Neighborhood in Abstraction Space

Objective Creep sits in a sparse region of abstraction space (71st percentile for distinctiveness): few abstractions share its structure, so a faithful description tends to retrieve it precisely rather than landing on a neighbor.

Family — Staged Processes & Drift (32 primes)

Nearest neighbors

Computed from structural-signature embeddings · 2026-06-14

Not to Be Confused With

The most consequential confusion is with scope_creep, which in this catalog names the same phenomenon at the level of a project's deliverable rather than an actor's goal-set. Scope creep is the uncontrolled growth of requirements within a bounded piece of work — features accreting onto a specification. Objective creep is the more general structure: an actor's strategic goal boundary expanding beyond what its plan, force, or budget was sized for, of which software scope creep is the single most familiar instance. The distinction is one of altitude: scope creep lives inside a single project's requirements list; objective creep operates wherever an agent holds and modifies a portfolio of objectives — a military campaign, a regulatory mandate, a research program, a personal commitment set. A practitioner treating every overcommitment as scope creep will reach for requirements-management tools when the real problem is the absence of authorization parity and exit criteria at the level of whole objectives.

A second genuine confusion is with sunk_cost_and_irreversible_commitment. Sunk-cost reasoning concerns the retention of commitments already made: the irrational pull to continue because resources are already spent. Objective creep concerns the acquisition of commitments not originally authorized. The two interlock — once a sub-objective has crept in and grown a constituency, sunk-cost and irreversibility dynamics are exactly what make subtracting it costly — but they are distinct failures with distinct remedies. Sunk-cost is cured by ignoring already-spent resources in forward decisions; creep is cured by coupling each addition to a subtraction and authorizing additions at the original's level. Conflating them leads a practitioner to attack the difficulty of removal (a sunk-cost frame) while missing the upstream pathology of unchecked addition that created the overcommitment in the first place.

A third confusion is with ratchet_effect. The ratchet effect is the bare asymmetric-friction structure: easy to move one way, hard to move back, producing monotone drift. Objective creep is one application of that structure — the ratchet operating on a goal-set, where addition is low-friction and subtraction is high-friction. The ratchet effect itself is substrate-broader, describing wage stickiness, regulatory accretion, or rising quality standards where no objective is being diluted and no primary is being starved. Objective creep adds the specific roles the bare ratchet lacks: a scoped envelope, a diluted primary, a concealing screen of visible additions. Naming creep separately gives the practitioner those roles, which is what turns "things keep accreting" into the checkable test of authorization parity.

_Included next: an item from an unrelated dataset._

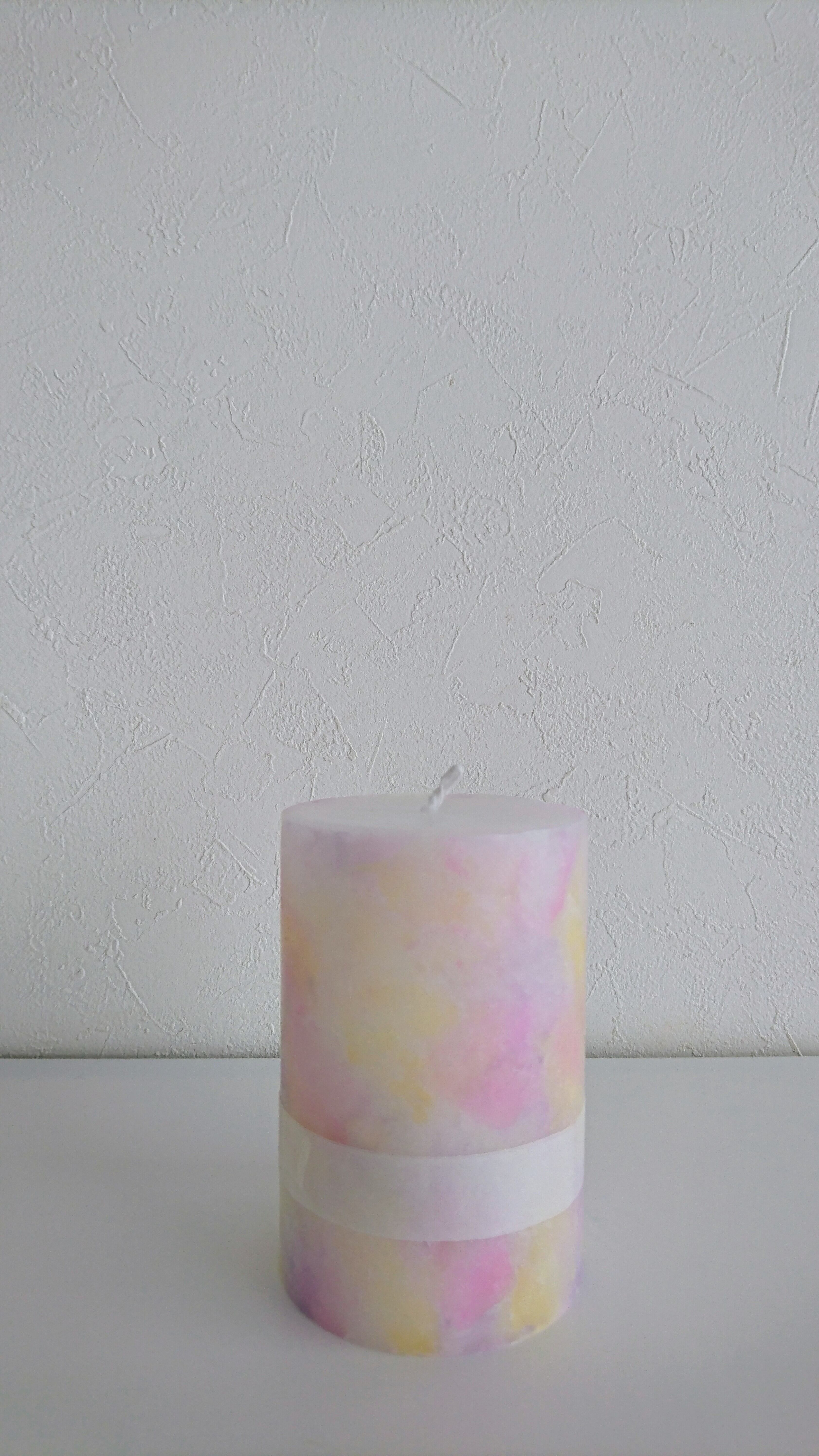 IRODORI-春 淡いピンクをメインにイエロー、パープル、色とりどりのパステルカラーが混ざり合い、優しい灯りを浮かび上がらせます。 大きさ 直径約7cm×高さ約10,5cm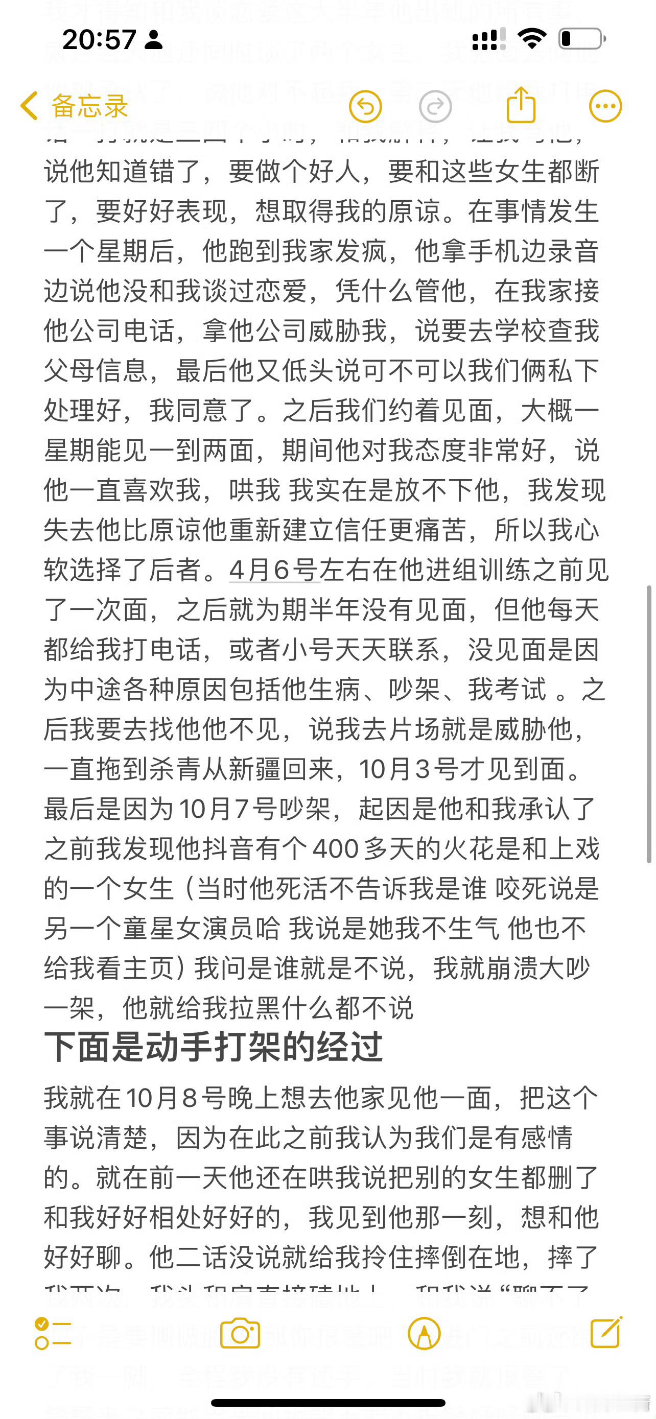 10月8日动手打架,前女友称荣梓衫把自己两度摔倒在地还踹了自己一脚,报👮后,荣梓衫先否认恋情,而后其经纪人称自己是狂热粉丝,到最后荣梓衫验伤并称两人是互殴

For a practitioner, the distinctions sort by intervention point. scope_creep is managed at the requirements boundary of a single deliverable; objective creep is managed at the authorization boundary of an actor's whole goal portfolio; sunk_cost_and_irreversible_commitment is managed at the moment of deciding whether to continue a commitment; and ratchet_effect is the general mechanism all three share. Knowing which one you face tells you whether to lock the spec, audit the mandate list, ignore spent resources, or install one-in-one-out coupling.

Solution Archetypes

No catalogued solution archetypes reference this prime yet.